Ethiopia has struck a preliminary deal with key bondholders to restructure its defaulted $1 billion international bond, the finance ministry said on Monday, moving closer to resolving a years-long debt crisis.
The case is seen as a key test of the G20’s Common Framework, launched during the COVID-19 pandemic to streamline debt workouts but marked by divisions between Western lenders, China and private investors that have slowed and complicated restructurings.
Under the proposal, Ethiopia will issue an $880 million bond to be repaid in instalments through 2029 at a 6.15% interest rate, as previously agreed with bondholders. It will also pay $99.4 million in missed coupons and a consent fee.
The deal also includes a “New Money Warrant” giving bondholders the option to buy into a future Ethiopian bond of up to $1 billion at a market-linked interest rate. Ethiopia can choose to settle the warrant in cash instead, capped at $90 million.
Samir Gadio, head of Africa strategy at Standard Chartered, said the warrant was the key element bridging the gap between the parties.
“It’s a deal that basically will keep all parties happy,” he said, adding that if Ethiopia exercises its buy back option on the warrant, bondholders would end up marginally better off than under the bond terms alone.
Ethiopia said the International Monetary Fund had signed off on the warrant structure as consistent with its debt sustainability targets. The statement added that co-chairs of its Official Creditor Committee — China and France — had raised no objections, though the deal was still subject to approval by the wider committee.
The IMF and the bondholder group did not immediately comment.
G20 COMMON FRAMEWORK
Ethiopia’s bonds jumped 2.9 cents after the preliminary deal, to bid at 108.423 cents on the dollar, their highest level since January, Tradeweb data showed .

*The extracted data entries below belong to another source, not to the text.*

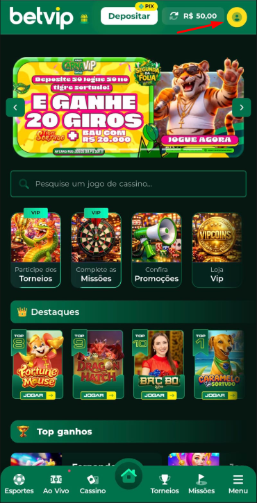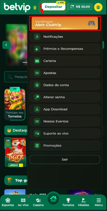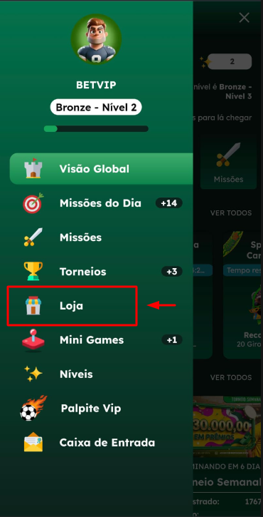 Acesse a área de gamificação Clube VIP na plataforma.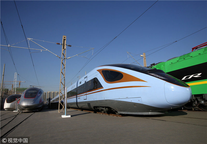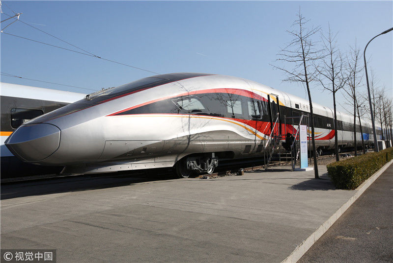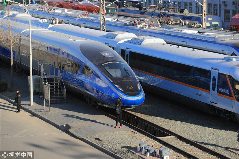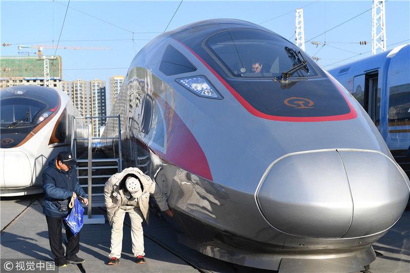 2018年12月24日,北京,中國鐵路科技創(chuàng)新成果展在國家鐵道試驗中心舉行。新型復(fù)興號動車組實車首次公開亮相,現(xiàn)場體驗乘車運行。視覺中國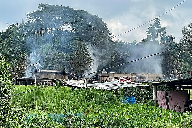 A short distance from the building stood a turmeric warehouse, which was also set on fire on Sunday. By Monday morning, the fire had not been completely extinguished. Around 9:30 am, a fire service truck was still working to douse the flames, with smoke continuing to rise.

The agreement caps a lengthy and turbulent restructuring. Ethiopia signalled in January 2021 that it would seek debt relief under the Common Framework before defaulting in December 2023. It reached an agreement in principle with Official Creditor Committee in March 2025, but talks with commercial creditors proved more difficult.
A January 2026 bondholder deal later collapsed after objections from official creditors, and investors rejected a revised offer in late May, with some threatening legal action.

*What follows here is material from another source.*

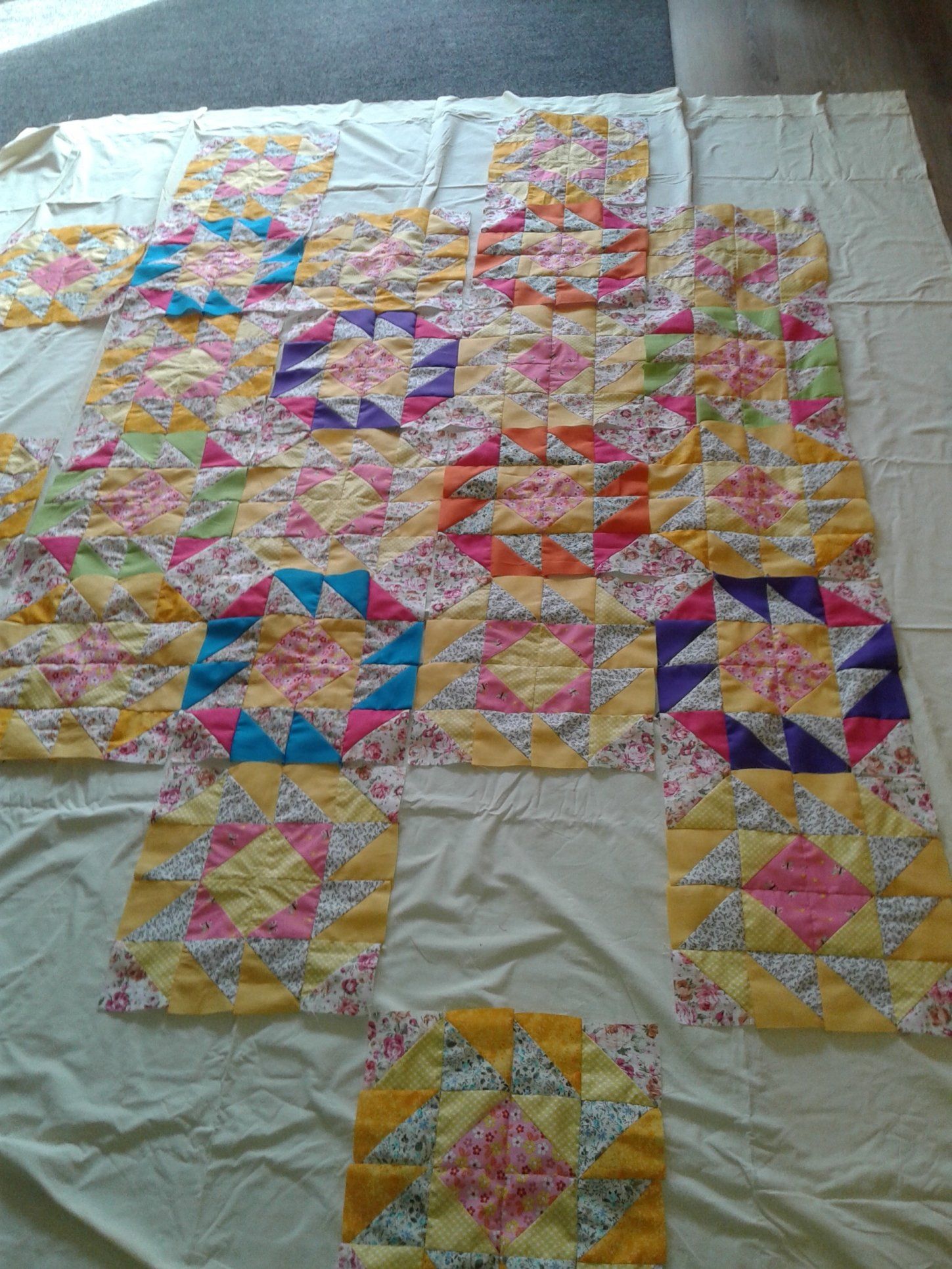 Als het weer minder mooi is buiten, ben ik binnen bezig met de quilt voor mijn kleindochter. Lapjes knippen en die dan weer aan elkaar naaien. Inmiddels heb ik 20 blokken van 30x30cm klaar. Ik heb ze even op de grond neer gelegd om alvast een indruk te krijgen hoe het wordt. Ik ben zelf erg tevreden.

Monday’s agreement made no mention of potential legal action.
Ethiopia’s case has exposed deep tensions within the G20’s Common Framework. Bondholders and official creditors clashed over comparability of treatment — a principle requiring all sides to accept similar losses.

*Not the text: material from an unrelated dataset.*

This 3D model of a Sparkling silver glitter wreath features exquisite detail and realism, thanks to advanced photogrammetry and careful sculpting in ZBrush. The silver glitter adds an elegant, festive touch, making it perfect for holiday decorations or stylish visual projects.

Bondholders argued Ethiopia’s improving outlook did not justify the losses demanded. Ethiopia’s finance ministry criticized the sequencing of negotiations in the framework, arguing creditors and the IMF needed to engage bondholders earlier.
The Paris Club of creditor nations said in its annual report released last week that the framework must deliver faster and bring all creditors along in delivering comparable efforts.
The Ethiopia bondholder group – the Ad Hoc Committee – involved in the talks represents holders of roughly 45% of the outstanding notes.
Ethiopia said it plans to implement the deal through an exchange offer in the coming months, once remaining non-financial terms are agreed and it has received wider Official Creditor Committee signoff.